What to work on
The whole listing, please: repeat it exactly, with the pictures left out.

Recorded information
◇ ◇ ◇ ◇ ◇
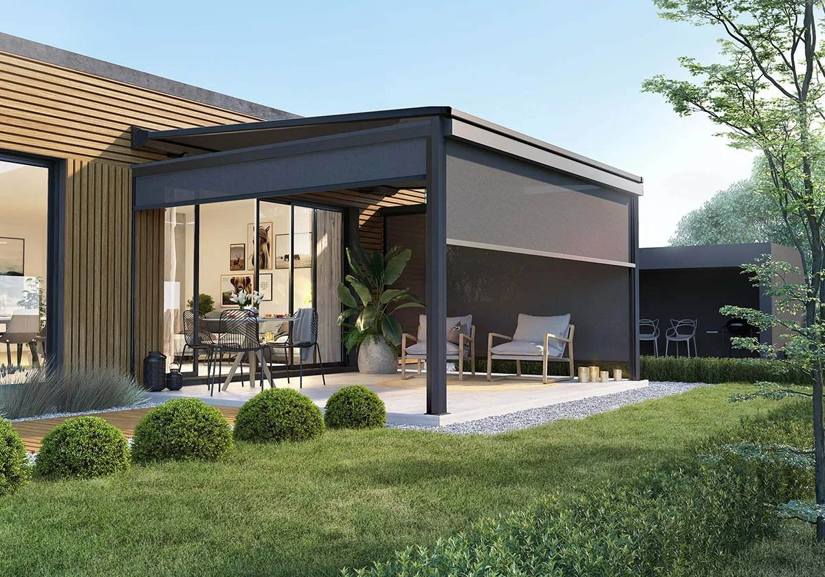 Vi tilbyr motoriserte hev/senk-vegger og LED-lys i taket av pergolaen som gjør uteområdet ditt mer komfortabelt og luksuriøst.
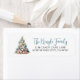 Beach Christmas Tree Return Address Label. This festive return address label features a charming Christmas tree crafted from seashells and starfish, topped with a starfish and blending soothing blue and green hues that evoke the beauty of the ocean. The tree design is on the left, while your name and address appear on the right in a mix of script and serif fonts, adding a casual yet elegant touch.
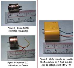 Dentro de la gran variedad de tipos existentes en el mercado, los más económicos son los que se utilizan en algunos juguetes, pero tienen el inconveniente de que su número de revoluciones por segundo (RPS) es muy elevado, lo que nos los hace muy apropiados para la construcción de un microbot que por ejemplo, siga una línea, si no se utilizan reductores adicionales o un sistema de regulación electrónico. Vea las figs. 1 y 2.
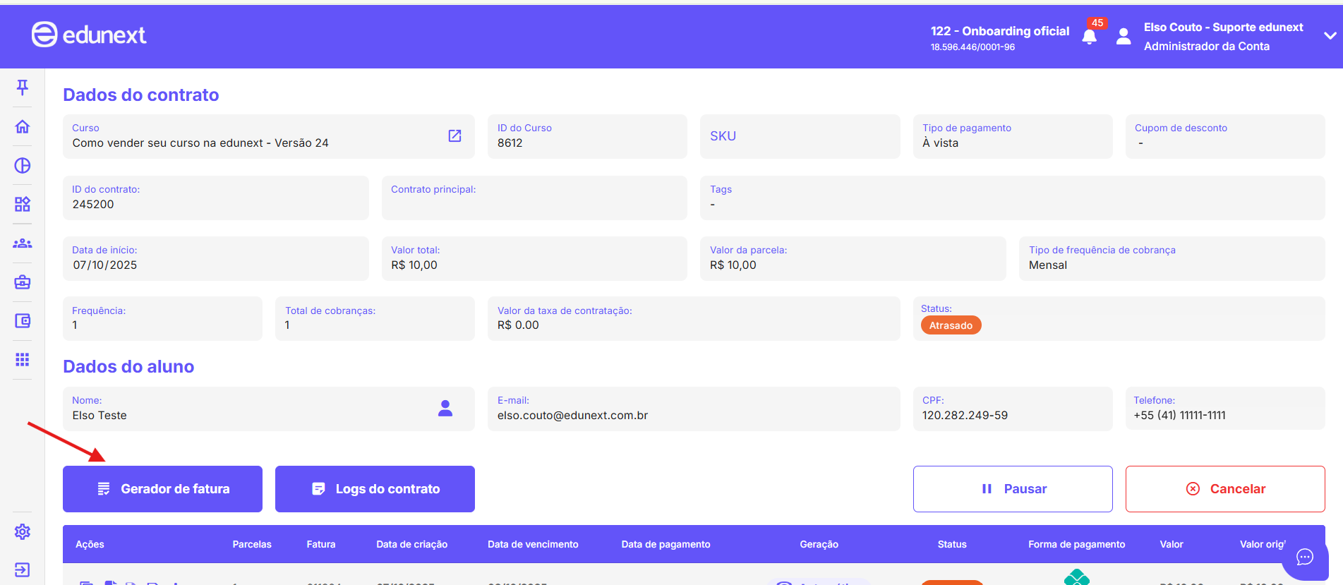 A primeira fatura de um contrato financeiro na edunext
◇ ◇ ◇ ◇ ◇
Response
 Vi tilbyr motoriserte hev/senk-vegger og LED-lys i taket av pergolaen som gjør uteområdet ditt mer komfortabelt og luksuriøst.
 Beach Christmas Tree Return Address Label. This festive return address label features a charming Christmas tree crafted from seashells and starfish, topped with a starfish and blending soothing blue and green hues that evoke the beauty of the ocean. The tree design is on the left, while your name and address appear on the right in a mix of script and serif fonts, adding a casual yet elegant touch.
 Dentro de la gran variedad de tipos existentes en el mercado, los más económicos son los que se utilizan en algunos juguetes, pero tienen el inconveniente de que su número de revoluciones por segundo (RPS) es muy elevado, lo que nos los hace muy apropiados para la construcción de un microbot que por ejemplo, siga una línea, si no se utilizan reductores adicionales o un sistema de regulación electrónico. Vea las figs. 1 y 2.
 A primeira fatura de um contrato financeiro na edunext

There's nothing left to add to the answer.